According to a statement from the Financial Conduct Authority (FCA), Paul Stephany, formerly of Newton Investment Management, contacted fund managers at other companies and “attempted to influence them to cap their orders at the same price limit as his own orders”.

The regulator said Stephany’s actions “risked undermining the integrity of the market”, adding that the fund manager had “acted without due skill, care and diligence”.

In September 2015, the FCA reported, Stephany had emailed managers at 11 other companies suggesting a price level for initial shares in travel agent On The Beach Group. In July he had contacted two managers by phone with similar suggestions about the pricing of real estate company Market Tech Holdings.

In its final notice on the case, the FCA stated that the “proper price formation process” at IPOs required investors to submit orders “based on their own valuations, rather than using their collective power to influence the share price”.

Stephany argued in response that there was “no clear distinction” between information sharing and influencing, and the IPO process was “much more complex” than depicted by the regulator. 

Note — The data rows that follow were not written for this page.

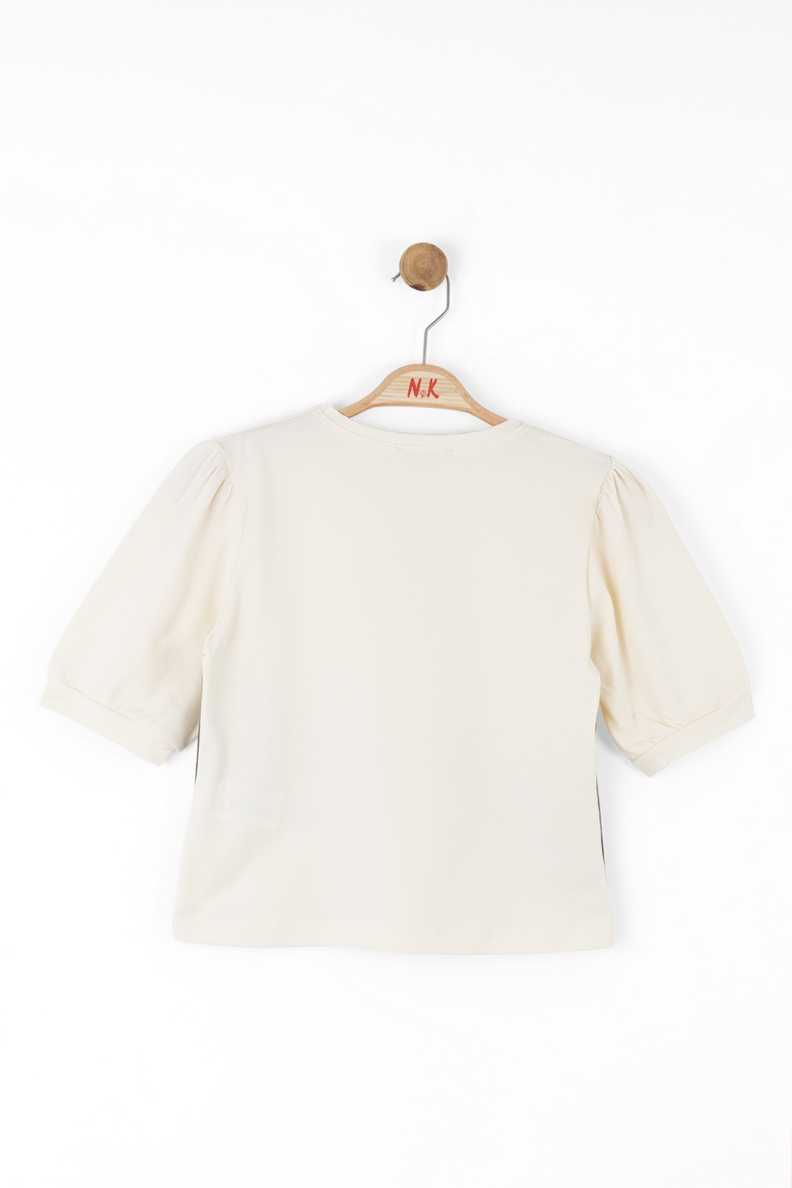 Bu krem rengi kız çocuk tişörtü, rahat ve şık tasarımı ile günlük kullanıma uygundur. Sıfır yaka ve hafif kabarık kısa kollara sahip olan tişört, yumuşak kumaşıyla çocukların konforunu ön planda tutar. Ön kısmındaki doğal tonlarda dağ ve yaprak desenleri, tişörte özgün ve modern bir görünüm kazandırır. Minimalist ve zarif tasarımı ile her yaşa uygun, 9-14 yaş arası çocuklar için idealdir.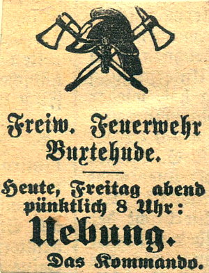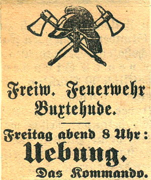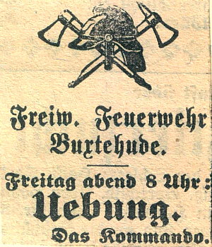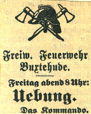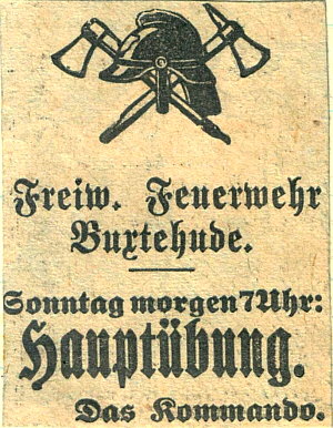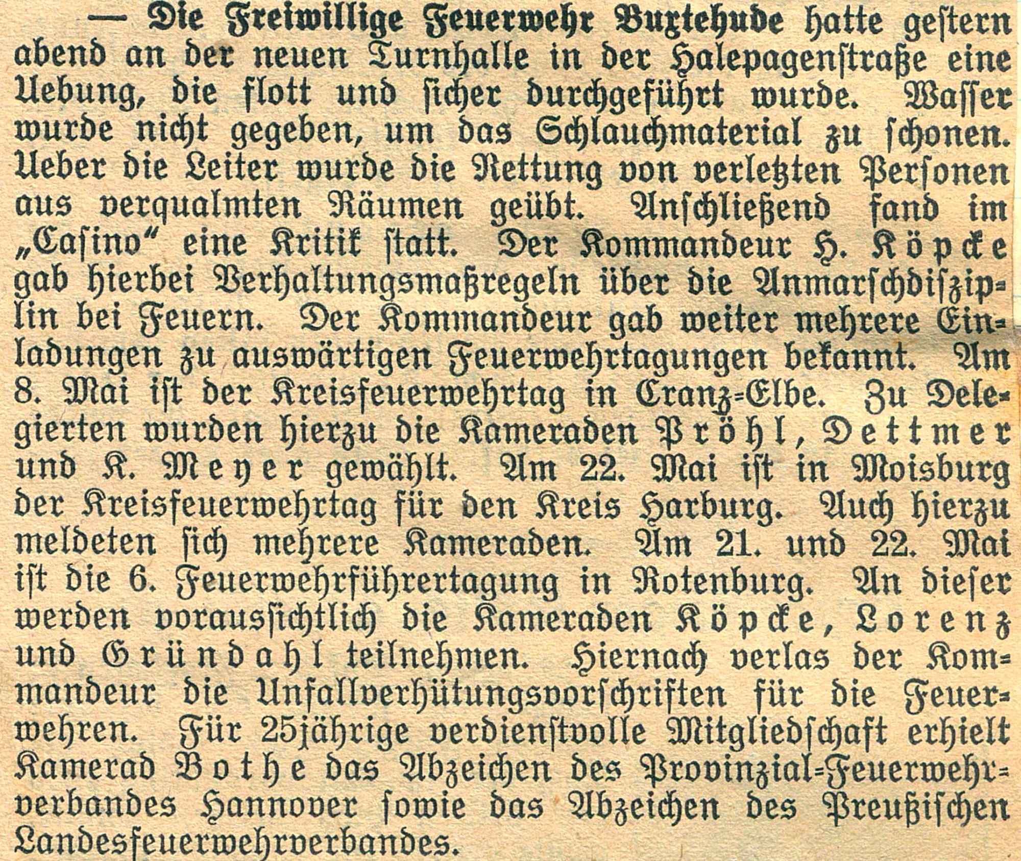 Vor knapp 90 Jahren, als es in den Zeitungen noch kaum Bilder gab und das Buxtehuder Tageblatt in einer komplett anderen Aufmachung erschien, war die Buxtehuder Feuerwehr regelmäßiger Gast in den Lokalseiten. Es wurden nicht nur von den damals noch recht wenigen Einsätzen berichtet. Einen großen Anteil an den damaligen Berichten machten auch die Artikel über die Übungsabende der Buxtehuder Feuerwehr aus. Auch zu den Dienstabenden wurde mit einer kleinen Anzeige eingeladen. Es scheint, dass damals ein Journalist des Tageblatts regelmäßiger Gast bei den Übungsdiensten war.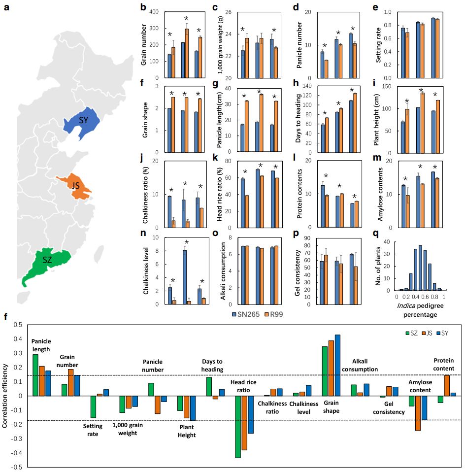 秈稻和粳稻為亞洲栽培水稻的兩個亞種,它們的地理分布以及形態(tài)學(xué)性狀差異明顯,揭示其農(nóng)藝性狀背后的遺傳基礎(chǔ)對于水稻生產(chǎn)非常重要,然而,其遺傳背景、生態(tài)條件以及農(nóng)藝性狀之間的關(guān)系尚不清楚。沈農(nóng)265(SN265)是我國第一個商用的超級稻,它作為中國北方骨干親本引領(lǐng)著育種方向。本研究利用二代和三代測序?qū)Ρ狈骄统壍維N265和R99進(jìn)行測序,并獲取SN265高質(zhì)量基因組,又構(gòu)建了RIL群體重測序遺傳連鎖圖譜,并對多個重要農(nóng)藝性狀進(jìn)行了QTL分析。此外,還發(fā)現(xiàn)若干基因功能隨生態(tài)環(huán)境的變化而改變,并且許多等位基因?qū)Σ煌倪z傳背景呈現(xiàn)差異性的響應(yīng)。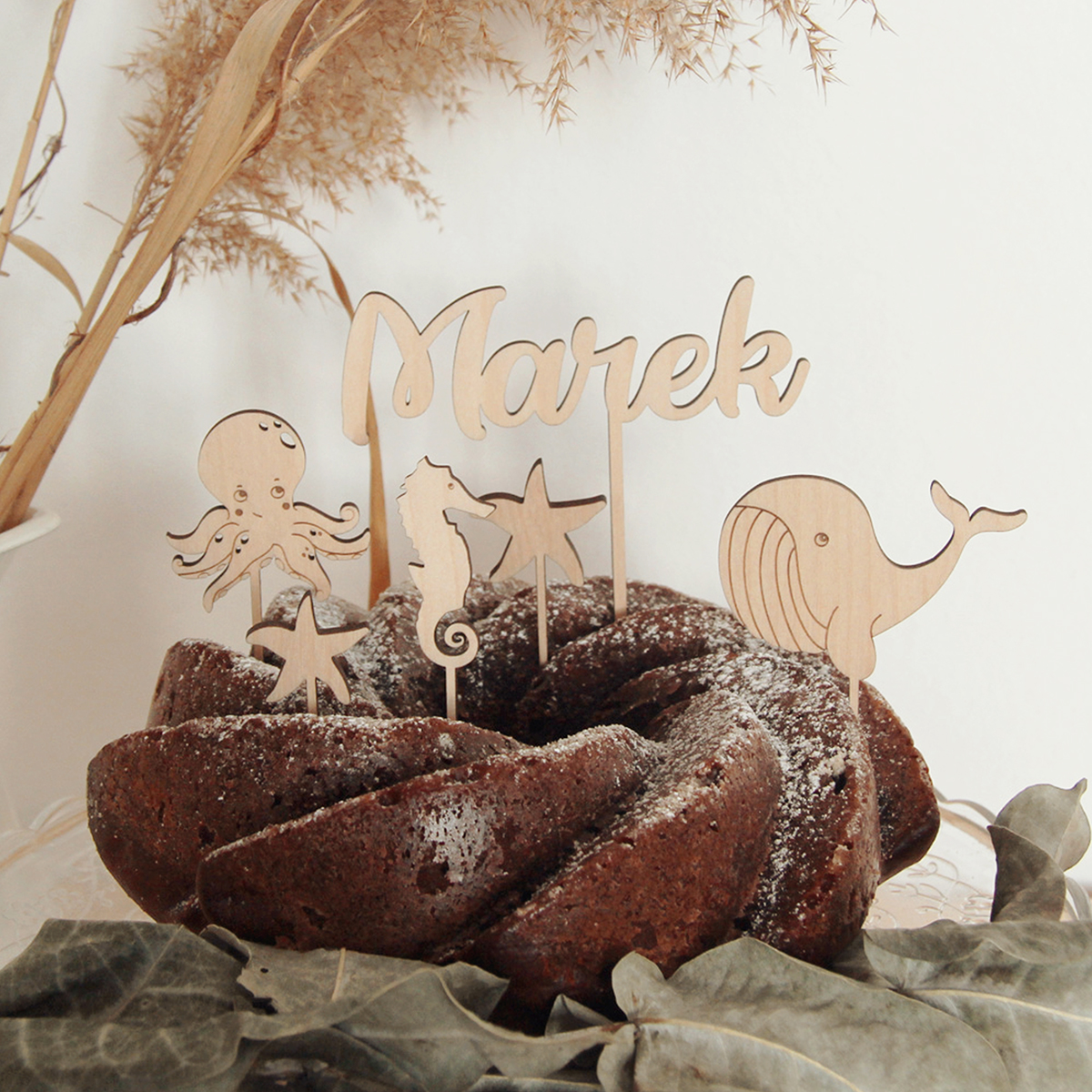 Drevené zápichy na tortu s morskými živočíchmi a menom skvelo doplnia tématickú tortu alebo koláč. Zápichy sú vyrobené z kvalitnej preglejky hrúbky 4mm.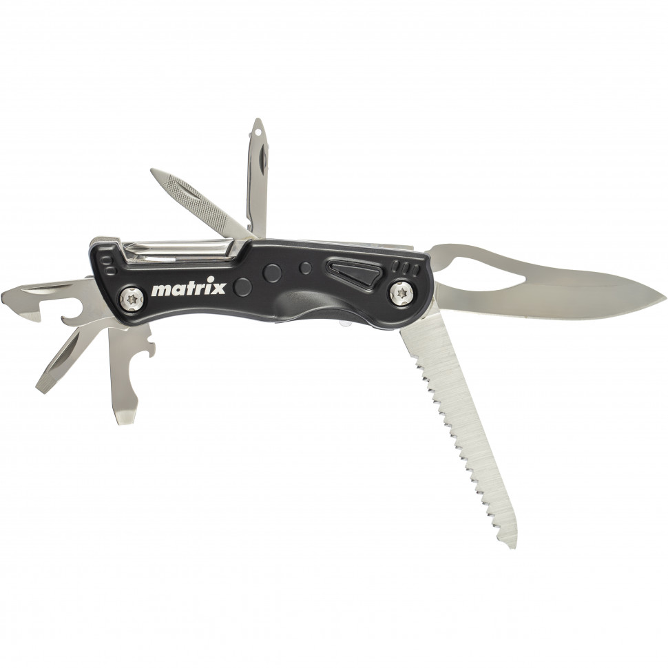 Многофункциональный нож Matrix 17625 длиной 107 мм, выполняющий 11 функций и поставляющийся с чехлом, — универсальный инструмент, который будет полезен дома, на даче и в гараже, а также в поездке, походе, на пикнике, рыбалке или охоте. Ножом можно резать различные материалы и продукты, пилой — срезать тонкие ветки, а шилом — проделывать отверстия. Открывалки удобно использовать для банок. Пилка для ногтей пригодится в быту.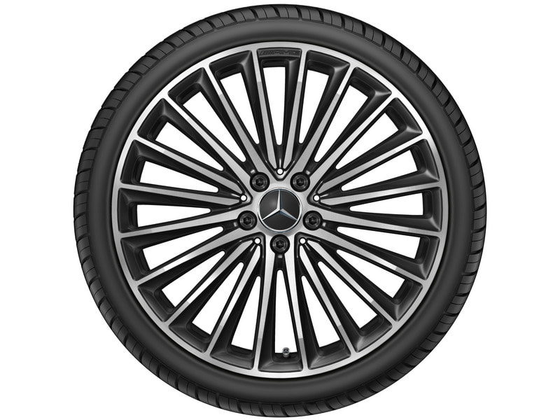 Колесный диск AMG многоспицевый. Параметры диска: 8 J x 20 ET 33 (20 дюймов). Цвет: Черный. Материал: Алюминий. Рекомендуемая резина: 245/35 R20. Мост: Передний мост.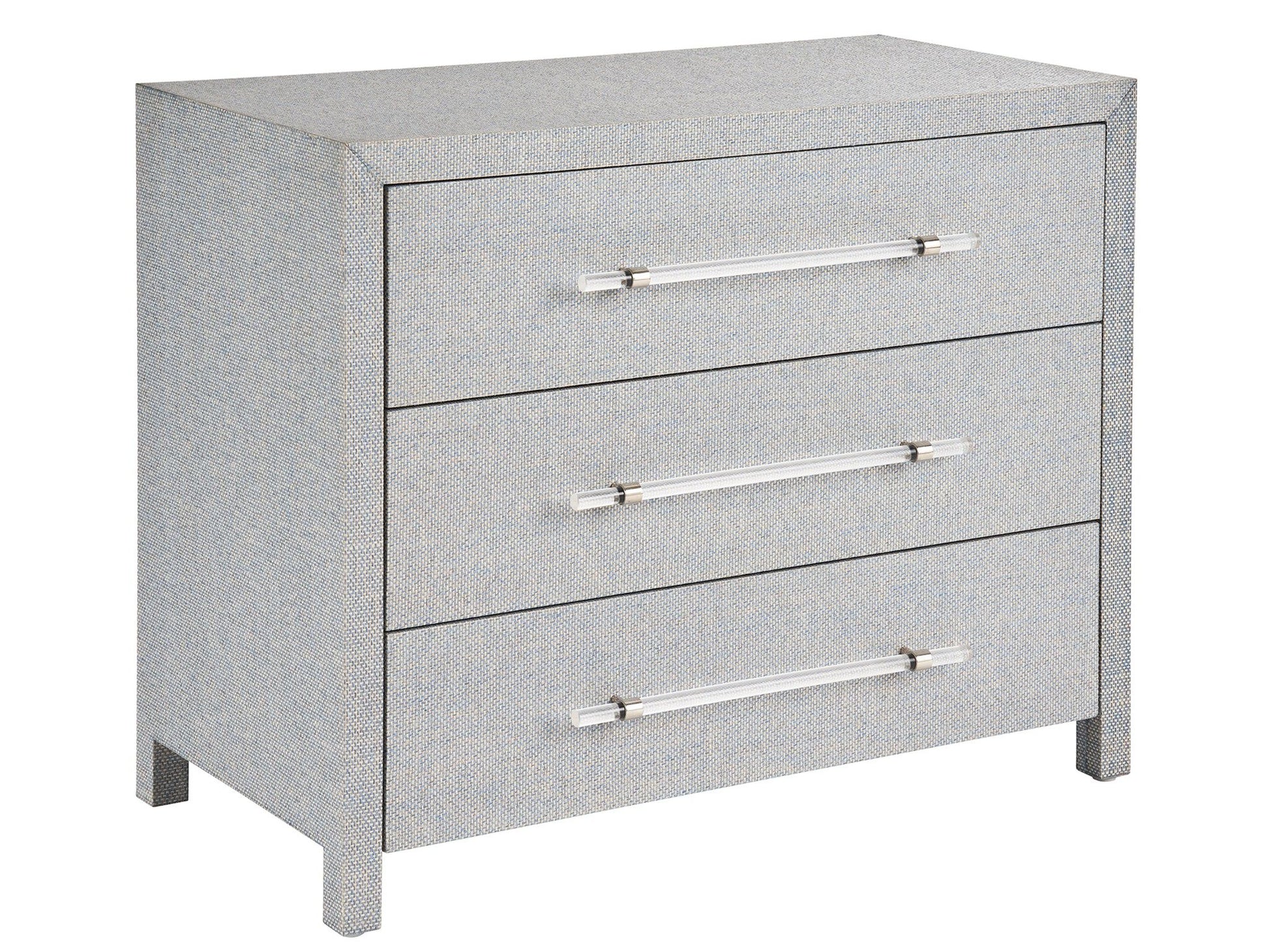 The textured Bimini Chest is a true gem with a blue, wallpaper-wrapped body offset by long acrylic pulls. Bring an instant pop of color and storage into any interior with this serene selection.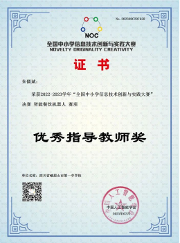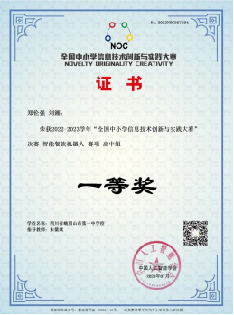 日前,峨眉一中从中国人工智能学会获悉该校郑伦强、刘湘两位同学参加2022-2023学年全国中小学信息技术创新与实践大赛决赛获得全国一等奖,朱儒斌老师获得“全国优秀指导教师”。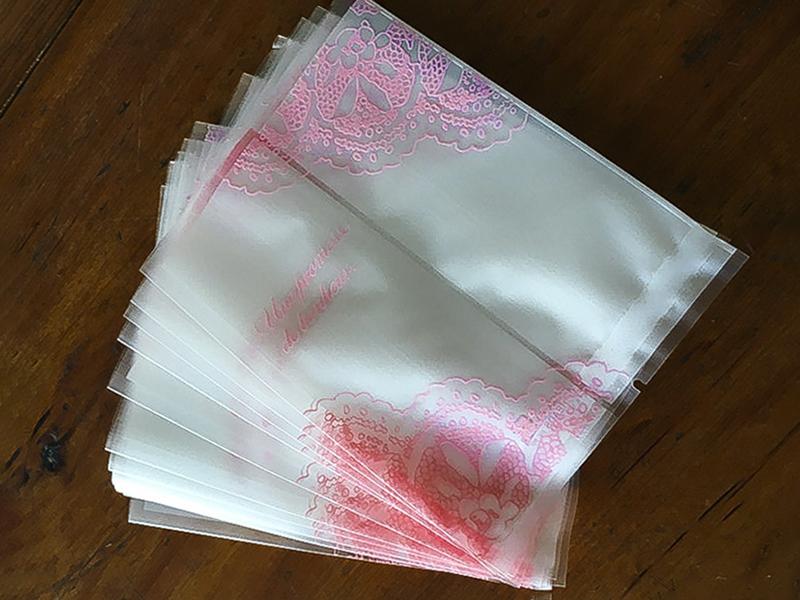 霧面7*10白底粉色蕾絲機封袋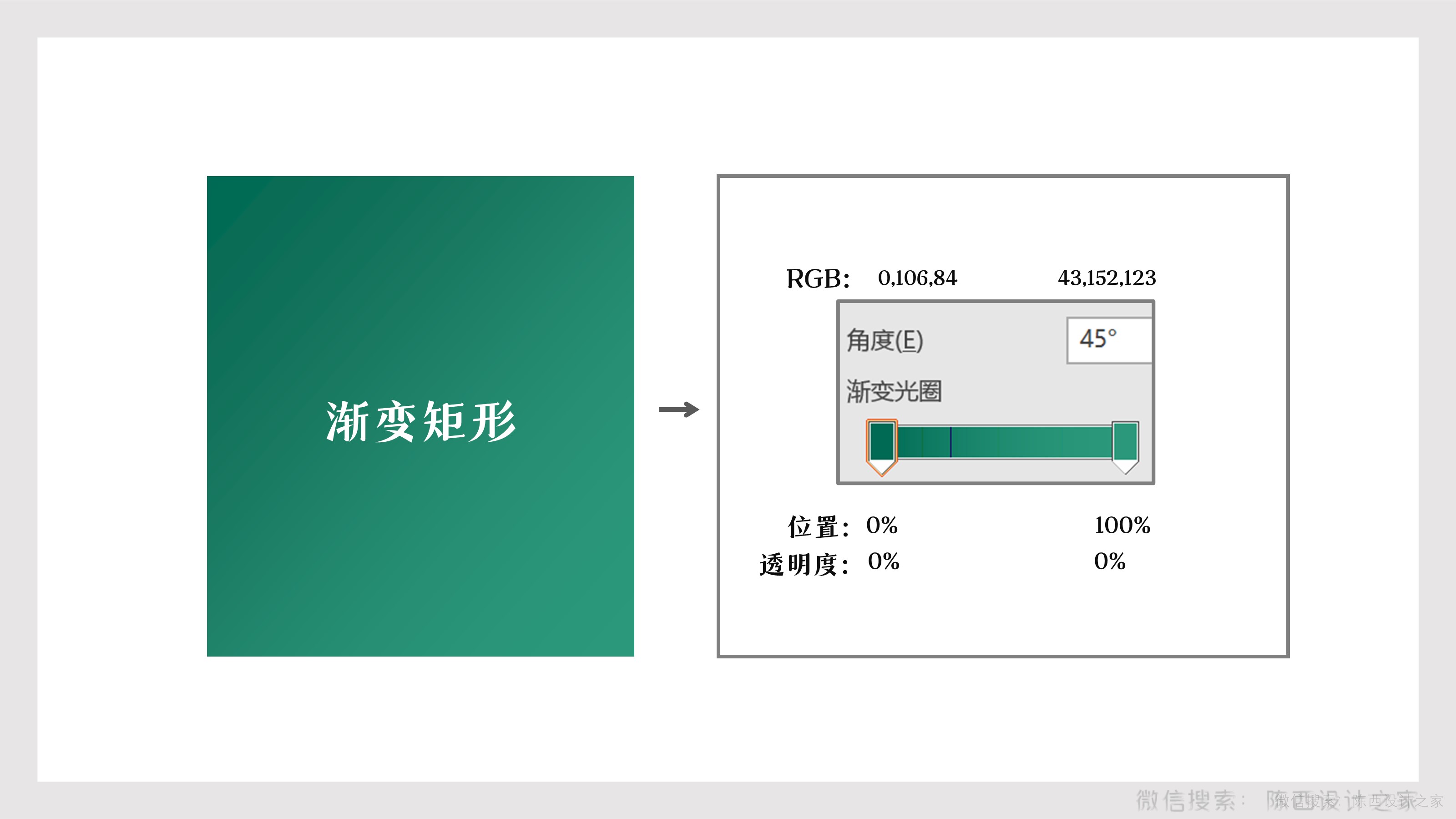线性渐变,渐变角度45度,渐变颜色RGB数值可以参考上图。

Stephany ran two UK equity funds at Newton, as well as overseeing mandates for the Johnson & Johnson UK pension scheme and the Merseyside Pension Fund. During the period in question he was in charge of roughly £1.8bn.

He became inactive on the FCA’s register of approved persons in October 2015, and is currently listed on his LinkedIn page as a business consultant to sell-side firms.

Mark Steward, executive director of enforcement and market oversight at the FCA, said: “This matter underscores the importance of fund managers taking care to avoid undermining the proper price formation process in both IPOs and placings.

“These markets play a vital role in helping companies raise capital in the UK’s financial markets and when they are put at risk the FCA will take action.”

A spokesperson for Newton said: “It is not our policy to comment on matters relating to former or current employees; however, Newton IM has been co-operating fully with the FCA and will continue to do so until it reaches its conclusion.”

Newton is one of four asset managers currently under investigation by the FCA regarding potential breaches of UK competition law, relating to the pricing of IPOs and placings. However, the regulator said this was separate to the case involving Paul Stephany.

This article was updated on 5 February 2019 to add a statement from Newton Investment Management.